It's just another variable to influence the decisionmaking process that they start with, nothing more. By that logic, people don't always breathe at the same rate - exercise, sex, various emotive states (e.g. anger) cause them to breathe faster and therefore exhausts more air. But in the context of the film, Zimit's insistence is just to frame the reason for cutting off half the class in a slightly believable way, it doesn't have a basis in reality.
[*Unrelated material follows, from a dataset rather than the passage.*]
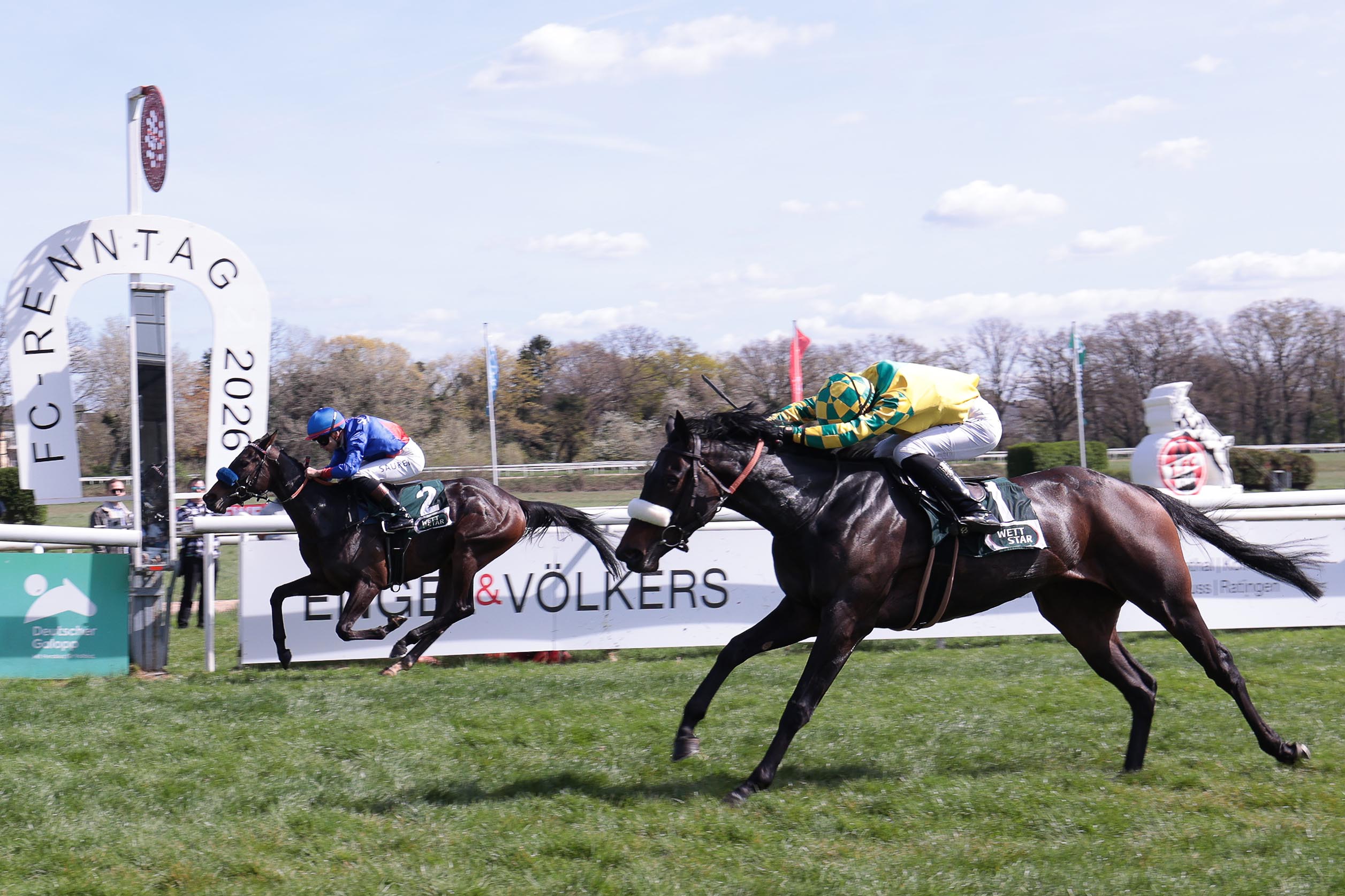 “Pferderennen sind wie ein Königsberger Klops, da ist einfach alles drin” pflegte Trainerlegende Heinz Jentzsch einst zu sagen wenn er vor einem Rennen nach den Chancen eines seiner startenden Favoriten gefragt wurde. Das er mit dieser zugegeben saloppen Weisheit ab und an auch richtig lag, mußte Henk Grewe am Ostermontag auf seiner Kölner Heimatbahn gleich im einleitenden Rennen erfahren. Denn eigentlich schien in einem von nur vier Pferden bestrittenen Stutenrennen alles angerichtet für einen Sieg seiner großen Diana Hoffnung Santa Catarina.

Also to add, just sort of put it out there, the "experiment" is rigged. Zimit's intent, as Petra sees right through, is not to have a classical philosophy discussion/roleplay based on an apocalyptic premise. It is two-fold: first, to punish John and, by extension, get back at Petra for being with him. Second, he also wants to show her that her emotional decisions are (to him) simply wrong, and that (his) intellect will triumph over emotion easily (with the perk of demonstrating that he's smarter than the boy, as well.) Zimit always influences the way things go (like the exit code thing) up until Petra, by popular vote, gains control of the experiment and lets it run its own course.
They only survive in the third iteration, which Zimit again attempts to change by constantly banging on the idea that Petra's decisionmaking was wrong, and it has doomed them all, because her reasoning is different than his, and his is the only kind of reasoning worth going with.
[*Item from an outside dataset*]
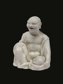 in porcellana acroma. Modello di Böttger, noto come “pagoda”, è raffigurato in posizione a gambe incrociate con la mano destra al ginocchio, il viso caratterizzato da un ampio sorriso e il corpo coperto da una veste fluida che ne lascia scoperto l’addome. Nell’inventario del palazzo giapponese erano indicati presenti 38 modelli di Pagoda bianchi nel 1770; alt. cm 8.

One more for the road: think of the second iteration. Zimit leaps to the point of attacking the other inhabitants because they are not complying with his idea of multiple partners for girls. Instead of respecting their reservations about it, he pressures them, at gunpoint when that doesn't work, insisting that his logic is more important than their thoughts and feelings on the subject. When he can't get what he wants, or rather, when the student strikes back, he just straight up kills them all.
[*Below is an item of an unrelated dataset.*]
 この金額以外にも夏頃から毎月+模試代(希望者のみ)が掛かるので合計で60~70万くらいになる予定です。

The man who went on and on about the survival of the species, the importance of procreation not five minutes ago decides he'd rather exterminate what he implies is one of the last groups of ten humans in existence, because they don't bow to his superior brain and reasoning. Because they, perhaps reflecting Petra, can't discard their feelings on something and accept that his logic is irrefutable (which it actually isn't and is the subject of another debate), and therefore must absolutely be accepted without question.
So really, oxygen? The whole thing is Mr. Zimit being a faux-egotist (with a very fragile ego) with a superiority complex. It's meant to flex his brainmeats and somehow sway Petra into abandoning her plans for going to college, because Mr. Zimit. So I don't think there should be any actually sound logic in Mr. Zimit's bunker.